_Dataset excerpts:_
^^^^^^^^^^^^^^^^

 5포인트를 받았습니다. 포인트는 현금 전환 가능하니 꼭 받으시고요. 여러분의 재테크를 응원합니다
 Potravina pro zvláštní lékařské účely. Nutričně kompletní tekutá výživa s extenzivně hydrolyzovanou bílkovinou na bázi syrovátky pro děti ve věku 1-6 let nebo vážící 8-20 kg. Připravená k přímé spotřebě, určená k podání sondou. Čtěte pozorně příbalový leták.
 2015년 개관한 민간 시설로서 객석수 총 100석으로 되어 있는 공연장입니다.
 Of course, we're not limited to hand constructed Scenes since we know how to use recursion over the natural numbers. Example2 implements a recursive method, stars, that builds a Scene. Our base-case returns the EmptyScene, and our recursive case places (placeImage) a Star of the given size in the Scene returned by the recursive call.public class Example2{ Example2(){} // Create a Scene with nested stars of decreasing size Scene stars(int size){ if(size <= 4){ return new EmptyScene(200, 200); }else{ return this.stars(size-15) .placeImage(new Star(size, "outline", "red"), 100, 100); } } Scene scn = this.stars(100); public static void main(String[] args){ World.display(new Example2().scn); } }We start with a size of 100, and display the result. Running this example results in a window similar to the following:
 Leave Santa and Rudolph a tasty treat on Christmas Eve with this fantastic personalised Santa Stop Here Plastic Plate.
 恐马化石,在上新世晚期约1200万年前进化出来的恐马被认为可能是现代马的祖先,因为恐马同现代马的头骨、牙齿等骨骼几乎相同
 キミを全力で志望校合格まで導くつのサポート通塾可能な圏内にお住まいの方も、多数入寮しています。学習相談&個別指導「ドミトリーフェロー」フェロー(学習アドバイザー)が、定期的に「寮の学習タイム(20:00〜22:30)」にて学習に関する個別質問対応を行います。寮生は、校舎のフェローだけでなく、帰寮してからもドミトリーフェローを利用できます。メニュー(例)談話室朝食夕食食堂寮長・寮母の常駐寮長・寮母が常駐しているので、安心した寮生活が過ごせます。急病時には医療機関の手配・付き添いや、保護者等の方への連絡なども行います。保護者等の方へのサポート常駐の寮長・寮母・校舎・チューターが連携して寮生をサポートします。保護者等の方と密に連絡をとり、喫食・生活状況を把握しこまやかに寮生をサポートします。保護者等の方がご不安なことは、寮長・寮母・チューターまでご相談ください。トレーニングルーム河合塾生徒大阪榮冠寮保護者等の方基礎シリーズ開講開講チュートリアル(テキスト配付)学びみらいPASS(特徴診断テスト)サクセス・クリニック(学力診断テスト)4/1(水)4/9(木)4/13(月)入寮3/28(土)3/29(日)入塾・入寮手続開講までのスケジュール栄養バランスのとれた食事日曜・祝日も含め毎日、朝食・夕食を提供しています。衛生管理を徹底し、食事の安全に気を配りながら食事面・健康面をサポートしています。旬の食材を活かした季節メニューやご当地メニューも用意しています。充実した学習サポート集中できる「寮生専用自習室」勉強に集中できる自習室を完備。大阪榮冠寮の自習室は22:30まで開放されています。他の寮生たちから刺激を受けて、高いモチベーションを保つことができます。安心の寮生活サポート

^^^^^^^^^^^^^^^^

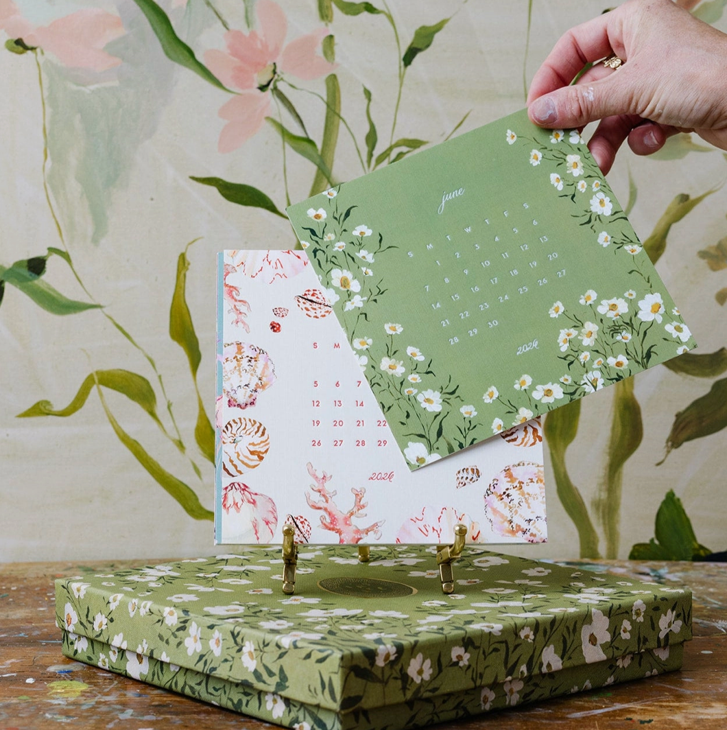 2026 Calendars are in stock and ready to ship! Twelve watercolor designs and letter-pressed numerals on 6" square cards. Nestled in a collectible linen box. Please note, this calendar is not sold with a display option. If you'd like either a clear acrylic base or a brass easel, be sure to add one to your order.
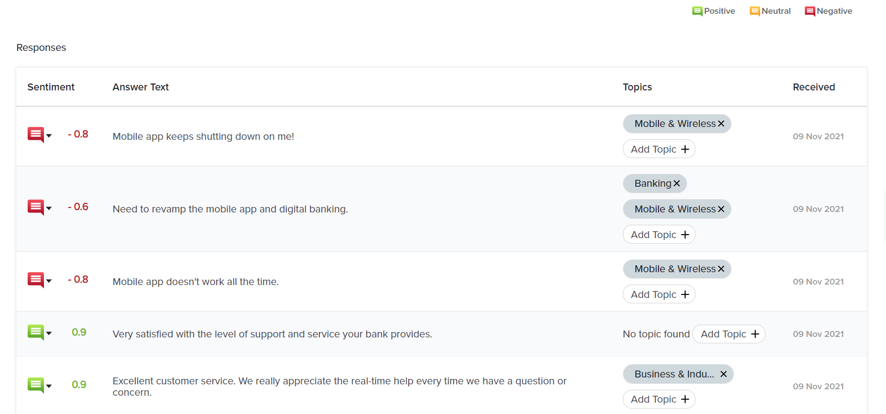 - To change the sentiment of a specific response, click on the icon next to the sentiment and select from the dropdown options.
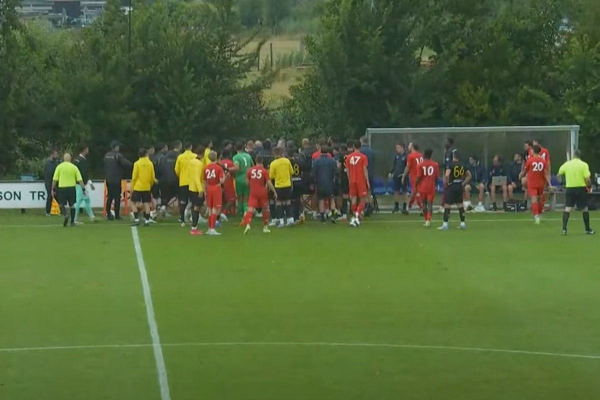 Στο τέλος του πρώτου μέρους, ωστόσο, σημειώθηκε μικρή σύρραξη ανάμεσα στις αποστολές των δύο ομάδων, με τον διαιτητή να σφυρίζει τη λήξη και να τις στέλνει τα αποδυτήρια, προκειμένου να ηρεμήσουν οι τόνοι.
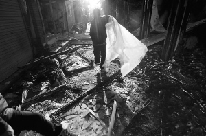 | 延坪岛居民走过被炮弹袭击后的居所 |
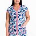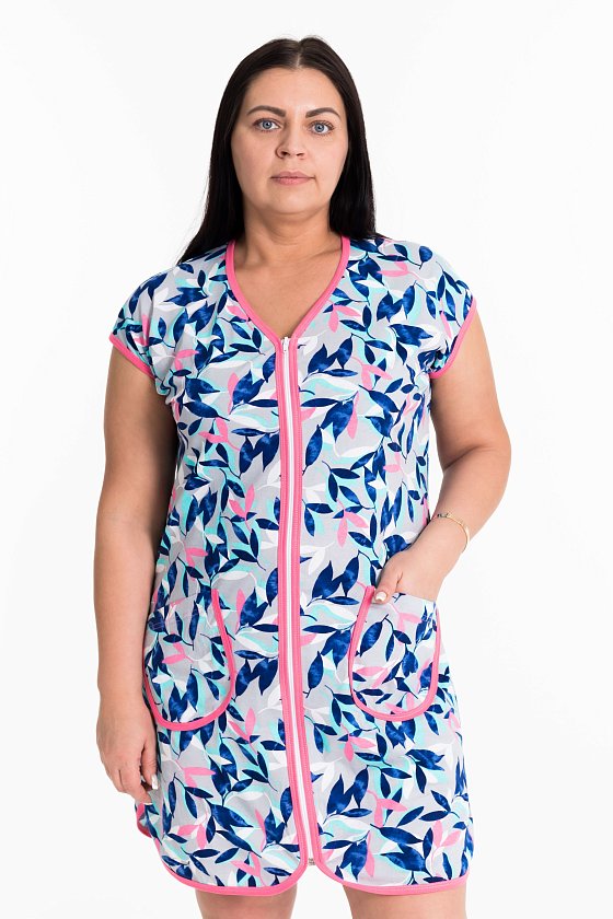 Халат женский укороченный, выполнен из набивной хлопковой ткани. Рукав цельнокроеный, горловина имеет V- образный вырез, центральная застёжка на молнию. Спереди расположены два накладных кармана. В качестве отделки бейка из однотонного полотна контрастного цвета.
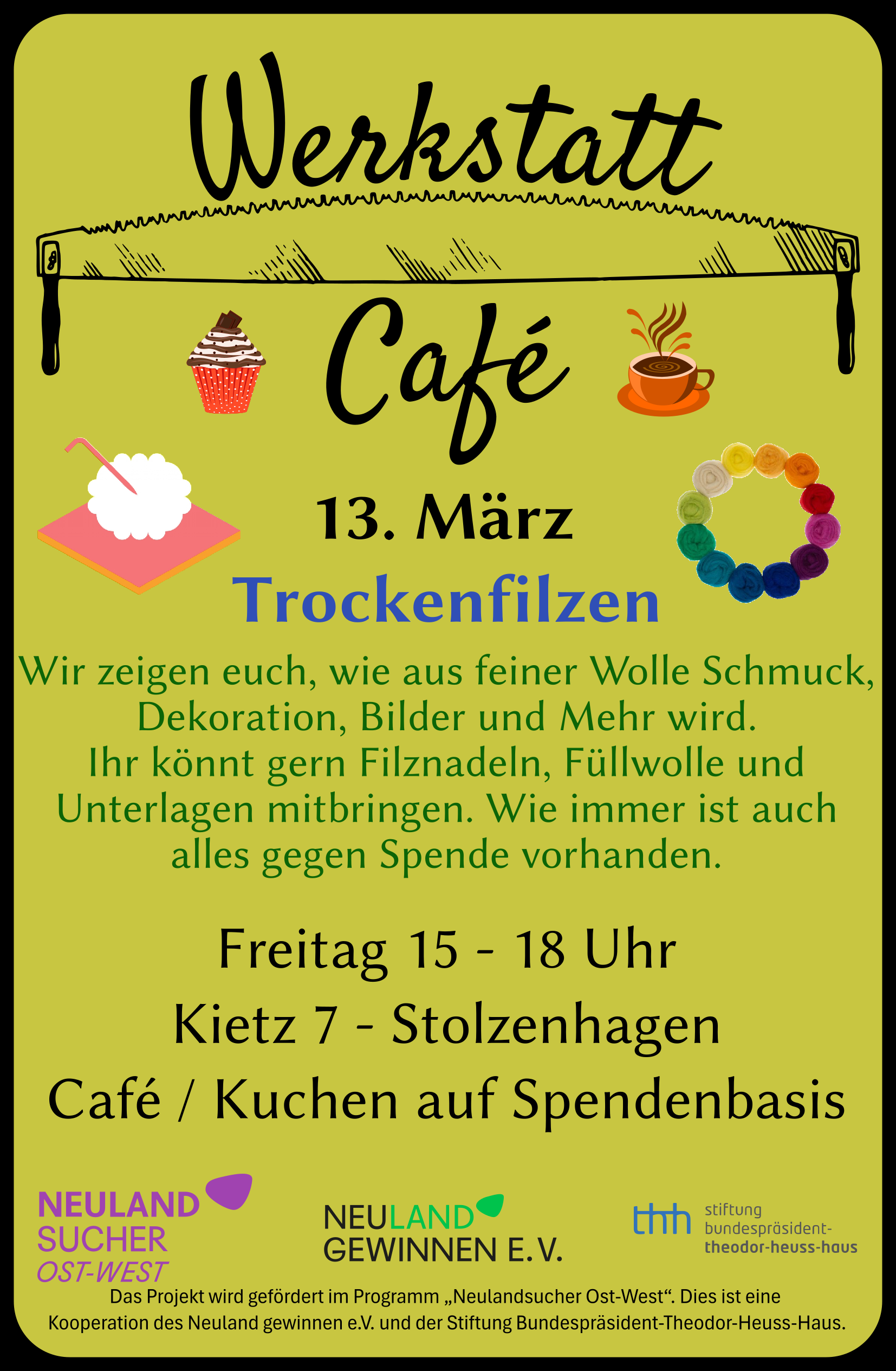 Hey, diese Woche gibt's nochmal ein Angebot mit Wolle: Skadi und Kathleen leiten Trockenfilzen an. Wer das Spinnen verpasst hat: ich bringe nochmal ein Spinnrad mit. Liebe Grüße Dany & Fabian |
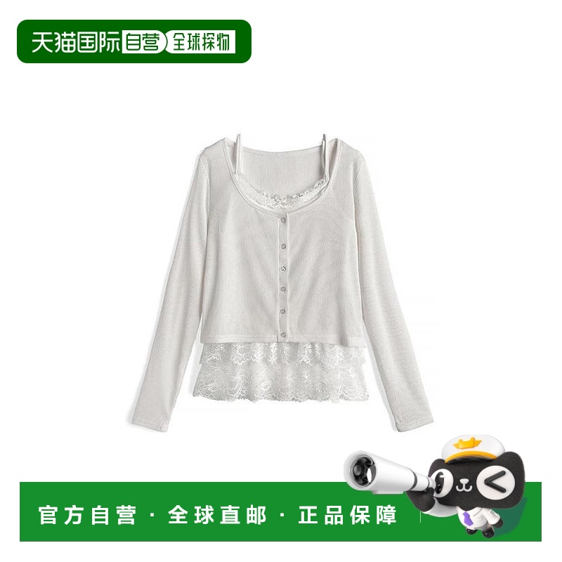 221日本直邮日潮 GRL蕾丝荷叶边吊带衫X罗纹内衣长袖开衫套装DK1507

^^^^^^^^^^^^^^^^

_Your task:_ Though the entries above contain pictures, none should be copied; reproduce only the lines between the one holding "Халат женский укороченный, выполнен" and the one holding "221日本直邮日潮 GRL蕾丝荷叶边吊带衫X罗纹内衣长袖开衫套装DK1507", inclusive, exactly as written.

_Your solution:_
 Халат женский укороченный, выполнен из набивной хлопковой ткани. Рукав цельнокроеный, горловина имеет V- образный вырез, центральная застёжка на молнию. Спереди расположены два накладных кармана. В качестве отделки бейка из однотонного полотна контрастного цвета.
 Hey, diese Woche gibt's nochmal ein Angebot mit Wolle: Skadi und Kathleen leiten Trockenfilzen an. Wer das Spinnen verpasst hat: ich bringe nochmal ein Spinnrad mit. Liebe Grüße Dany & Fabian |
 221日本直邮日潮 GRL蕾丝荷叶边吊带衫X罗纹内衣长袖开衫套装DK1507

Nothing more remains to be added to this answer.